Через минуту на кухне появляется бледная фигура Янниса.
Он подходит к Лауре с широкой улыбкой и начинает крепко ее обнимать.
Это всегда выглядит слегка комично. Когда двухметровый парень пытается максимально согнуться, а девушка становится на цыпочки, но все равно не может дотянуться, чтобы чмокнуть его в щеку.
Мы выбегаем из дома, попутно благодаря Лауру за чай, и закидывая в сумку пачку печенья.
На улице пасмурно. Точно должен пойти дождь. А мы не подумали взять зонт.
Мои ожидания оправдываются, и уже через секунду мы начинаем мокнуть под ливнем.
Забавно, ведь нам даже негде спрятаться. Мы идём по дороге за городом, вокруг только горы и деревья.
Яннис даже не спрашивает, почему родители не звонят ему в панике, он знает, что я ещё вчера сообщил им о том, что их сын будет ночевать у меня.
Иногда мне кажется, что я слишком сильно забочусь об этом парне и что люблю его сильнее, чем следовало бы.
Нельзя привязываться к человеку настолько сильно, потом будет казаться, если его не станет, ты не сможешь дальше жить.

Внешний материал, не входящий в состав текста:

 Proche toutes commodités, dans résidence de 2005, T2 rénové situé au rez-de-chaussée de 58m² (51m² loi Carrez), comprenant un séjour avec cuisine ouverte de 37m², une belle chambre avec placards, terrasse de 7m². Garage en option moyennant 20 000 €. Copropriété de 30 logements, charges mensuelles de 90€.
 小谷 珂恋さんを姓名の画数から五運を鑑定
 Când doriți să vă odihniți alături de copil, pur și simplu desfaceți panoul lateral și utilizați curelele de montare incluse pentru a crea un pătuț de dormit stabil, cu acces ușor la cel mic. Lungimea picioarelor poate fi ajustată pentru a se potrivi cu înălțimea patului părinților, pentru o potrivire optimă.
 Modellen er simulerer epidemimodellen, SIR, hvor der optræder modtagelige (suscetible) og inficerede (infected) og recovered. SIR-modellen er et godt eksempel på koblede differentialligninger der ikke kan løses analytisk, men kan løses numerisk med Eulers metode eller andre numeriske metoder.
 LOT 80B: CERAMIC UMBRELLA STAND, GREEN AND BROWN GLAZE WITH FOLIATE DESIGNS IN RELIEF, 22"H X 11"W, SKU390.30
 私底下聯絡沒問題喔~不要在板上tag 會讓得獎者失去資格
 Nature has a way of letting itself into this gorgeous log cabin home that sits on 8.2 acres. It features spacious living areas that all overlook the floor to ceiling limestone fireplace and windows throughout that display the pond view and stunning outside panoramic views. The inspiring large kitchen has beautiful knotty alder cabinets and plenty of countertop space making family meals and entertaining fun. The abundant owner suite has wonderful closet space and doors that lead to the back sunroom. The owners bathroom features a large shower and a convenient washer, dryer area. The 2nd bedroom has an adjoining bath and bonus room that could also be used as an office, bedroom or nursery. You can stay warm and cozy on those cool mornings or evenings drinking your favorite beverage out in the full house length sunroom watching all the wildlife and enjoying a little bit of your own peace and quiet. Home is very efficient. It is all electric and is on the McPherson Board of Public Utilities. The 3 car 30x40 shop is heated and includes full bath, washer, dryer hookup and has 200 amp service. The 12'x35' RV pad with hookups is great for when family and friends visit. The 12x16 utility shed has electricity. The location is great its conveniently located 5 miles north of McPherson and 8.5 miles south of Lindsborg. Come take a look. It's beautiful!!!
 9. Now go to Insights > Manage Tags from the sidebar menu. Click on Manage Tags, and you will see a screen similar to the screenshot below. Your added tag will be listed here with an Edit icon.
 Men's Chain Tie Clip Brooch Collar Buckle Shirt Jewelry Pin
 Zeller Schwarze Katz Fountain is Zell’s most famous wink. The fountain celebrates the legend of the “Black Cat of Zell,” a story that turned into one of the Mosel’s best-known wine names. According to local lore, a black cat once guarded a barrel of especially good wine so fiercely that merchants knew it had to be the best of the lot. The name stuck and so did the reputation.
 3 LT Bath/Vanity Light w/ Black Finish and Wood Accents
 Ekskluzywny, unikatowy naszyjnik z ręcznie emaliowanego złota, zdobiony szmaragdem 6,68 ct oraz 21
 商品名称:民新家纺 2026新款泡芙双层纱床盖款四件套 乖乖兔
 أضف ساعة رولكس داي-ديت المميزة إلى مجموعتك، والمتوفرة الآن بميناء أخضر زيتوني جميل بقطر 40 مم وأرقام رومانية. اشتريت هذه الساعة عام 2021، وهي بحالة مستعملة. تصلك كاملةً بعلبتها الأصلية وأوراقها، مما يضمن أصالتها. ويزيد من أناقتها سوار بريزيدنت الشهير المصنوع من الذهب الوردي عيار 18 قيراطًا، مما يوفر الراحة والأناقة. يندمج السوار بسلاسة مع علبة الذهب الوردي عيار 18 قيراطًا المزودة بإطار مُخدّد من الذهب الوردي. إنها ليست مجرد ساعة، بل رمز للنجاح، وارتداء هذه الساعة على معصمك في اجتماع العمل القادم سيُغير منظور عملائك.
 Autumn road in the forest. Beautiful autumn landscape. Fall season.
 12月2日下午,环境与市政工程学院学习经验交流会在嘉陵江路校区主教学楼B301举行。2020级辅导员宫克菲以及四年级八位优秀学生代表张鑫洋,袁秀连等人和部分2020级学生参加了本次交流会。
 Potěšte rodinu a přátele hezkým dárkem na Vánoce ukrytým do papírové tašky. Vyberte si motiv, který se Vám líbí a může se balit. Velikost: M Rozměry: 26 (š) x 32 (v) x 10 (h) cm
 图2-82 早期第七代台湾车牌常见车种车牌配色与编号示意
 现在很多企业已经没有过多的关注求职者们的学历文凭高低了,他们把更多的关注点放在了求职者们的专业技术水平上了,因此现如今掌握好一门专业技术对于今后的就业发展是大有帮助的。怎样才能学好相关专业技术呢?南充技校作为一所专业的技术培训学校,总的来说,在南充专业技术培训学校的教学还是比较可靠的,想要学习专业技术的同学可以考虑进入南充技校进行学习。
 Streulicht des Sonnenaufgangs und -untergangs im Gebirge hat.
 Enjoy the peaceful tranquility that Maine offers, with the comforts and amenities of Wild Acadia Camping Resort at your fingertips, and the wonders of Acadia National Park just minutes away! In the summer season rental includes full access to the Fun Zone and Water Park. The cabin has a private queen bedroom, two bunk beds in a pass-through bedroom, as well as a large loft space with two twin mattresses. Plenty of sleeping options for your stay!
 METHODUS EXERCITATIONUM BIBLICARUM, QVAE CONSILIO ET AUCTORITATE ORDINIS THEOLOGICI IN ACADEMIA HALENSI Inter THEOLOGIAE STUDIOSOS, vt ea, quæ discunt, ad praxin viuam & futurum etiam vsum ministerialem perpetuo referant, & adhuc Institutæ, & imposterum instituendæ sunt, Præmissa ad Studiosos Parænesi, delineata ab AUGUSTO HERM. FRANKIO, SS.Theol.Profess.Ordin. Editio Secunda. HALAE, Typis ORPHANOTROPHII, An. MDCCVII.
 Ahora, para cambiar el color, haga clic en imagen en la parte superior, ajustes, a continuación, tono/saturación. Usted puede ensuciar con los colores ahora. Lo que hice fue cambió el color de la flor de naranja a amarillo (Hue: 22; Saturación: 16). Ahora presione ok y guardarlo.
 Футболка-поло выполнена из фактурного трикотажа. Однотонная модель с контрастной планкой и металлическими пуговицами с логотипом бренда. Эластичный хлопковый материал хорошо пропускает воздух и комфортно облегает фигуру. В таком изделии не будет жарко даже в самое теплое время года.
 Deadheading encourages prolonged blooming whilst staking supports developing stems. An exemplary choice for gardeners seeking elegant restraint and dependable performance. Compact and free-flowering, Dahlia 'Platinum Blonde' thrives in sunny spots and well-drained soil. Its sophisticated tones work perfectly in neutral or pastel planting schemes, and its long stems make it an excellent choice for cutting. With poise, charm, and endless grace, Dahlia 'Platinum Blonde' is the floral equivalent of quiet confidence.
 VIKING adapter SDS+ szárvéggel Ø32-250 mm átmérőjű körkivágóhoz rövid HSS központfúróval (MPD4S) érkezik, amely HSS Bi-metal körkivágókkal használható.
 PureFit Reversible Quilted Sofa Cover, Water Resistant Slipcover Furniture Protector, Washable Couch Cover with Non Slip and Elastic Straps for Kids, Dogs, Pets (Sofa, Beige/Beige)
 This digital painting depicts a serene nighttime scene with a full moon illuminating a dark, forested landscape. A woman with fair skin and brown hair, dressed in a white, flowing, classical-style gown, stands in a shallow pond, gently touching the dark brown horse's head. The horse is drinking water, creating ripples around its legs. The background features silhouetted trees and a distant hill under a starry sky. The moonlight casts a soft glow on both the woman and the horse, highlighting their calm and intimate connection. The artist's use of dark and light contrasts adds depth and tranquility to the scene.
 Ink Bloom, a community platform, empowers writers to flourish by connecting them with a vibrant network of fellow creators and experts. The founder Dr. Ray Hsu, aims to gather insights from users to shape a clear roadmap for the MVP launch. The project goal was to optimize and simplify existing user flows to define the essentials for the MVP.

Это ужасно. Осознавать, что все твоё настроение зависит от одного человека. Ты делаешь для него все, что в твоих силах, а он все равно позволяет себе причинять тебе боль, возможно, даже не осознавая этого. Но хуже всего страх того, что в один момент этот человек развернётся и зашагает в противоположную от тебя сторону.
Поэтому нельзя так сильно привязываться к людям.
Яннис хороший человек, и мы дружим не первый год, но этот страх почему-то не хочет покидать мою голову.
Какой же я дурак.
— Булгаков, не зависай! Шевелись, а то мы точно промокнем до нитки!
— Мы уже промокли, какой смысл теперь торопиться?
Парень закатывает глаза от раздражения.
— Мы простудимся.
— Ну, тебе бояться нечего, у тебя крепкий иммунитет, а вот у меня…—Я остановился и сделал небольшую паузу.— Ян?
— Что?
— Ты будешь плакать на моих похоронах?
Яннис замер, и секунду подумав над сказанным, покрутил пальцем у виска.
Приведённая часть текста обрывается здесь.